Страница 6 из 17
— А что я? — Мабли пошарила рукой в кармашке накрахмаленного до хруста передника и извлекла на свет божий миниатюрный пузырёк тёмного стекла. Вытряхнула на ладонь горошину густой, как крем, зеленоватой субстанции с резким травяным запахом и, едва касаясь моего лица, осторожно распределила бальзам по щеке. Не забыла пройтись и по синякам на плечах и шее, оставленных жёсткими пальцами Крейна. — Это эррол Хордис у нас кудесник. Я всего лишь выполняю его распоряжение.
— Спасибо за то, что выпустила вчера Снежка. И Скаль… Его Великолепие предупредила. Если бы не ты…

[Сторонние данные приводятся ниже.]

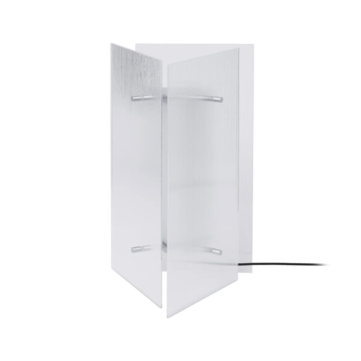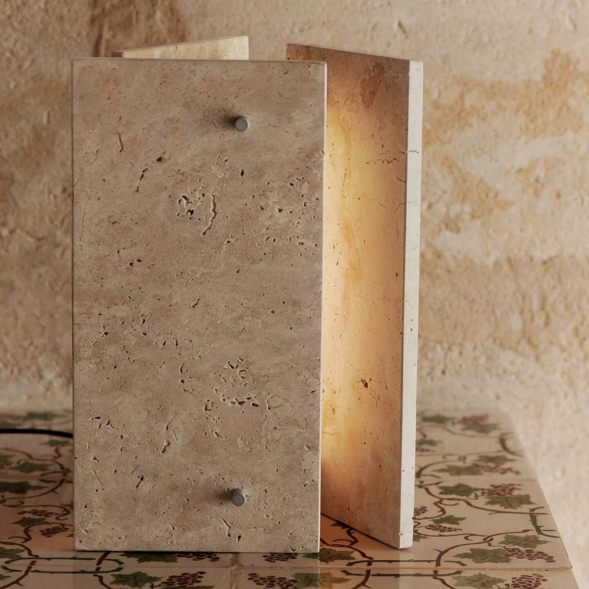 Drie travertijnen panelen omringen de centrale lichtbron en creëren een fascinerend spel van licht en schaduw. De natuurlijke structuur van de steen versterkt het warme, diffuse licht en creëert een zachte, architecturale sfeer. De armatuur wordt plat verpakt geleverd, is eenvoudig te installeren en heeft een geïntegreerde dimfunctie. Het combineert materialiteit met functionaliteit en biedt een stijlvolle verlichtingsoplossing voor elke ruimte.

Глаза снова предательски защипало. Я покрепче обняла кьёрда — своего главного защитника и утешителя. Лучшего мужчину в моей жизни. Поняв, что сейчас его будут тискать, Снежок воспротивился такой перспективе. Вырвался из моих рук и с самым независимым видом перебрался к изножью кровати, чтобы улечься в гордом одиночестве в складках одеяла.
Подбросив поленьев и позволив бутонам пламени, как в цветниках, раскрыться в каменных недрах каминов, Мабли отправилась в купальню нагревать воду с помощью артефактов. А я ещё немного полежала, чувствуя, как от чудо-мази слегка пощипывает кожу, и надеясь, что в добавок ко всему прочему не покроюсь пятнами.
Не хочу ещё и своим видом поднимать настроение Её чёртовому Сиятельству.
— Может, принести завтрак в комнату? — часом позже, заплетая мои волосы в толстые косы, предложила Мабли. С ловкостью, достойной фокусника, закрутила их на манер улиточного панциря, спрятав под косами мои уши, а сами «панцири» уложила под усыпанные жемчугом сетки.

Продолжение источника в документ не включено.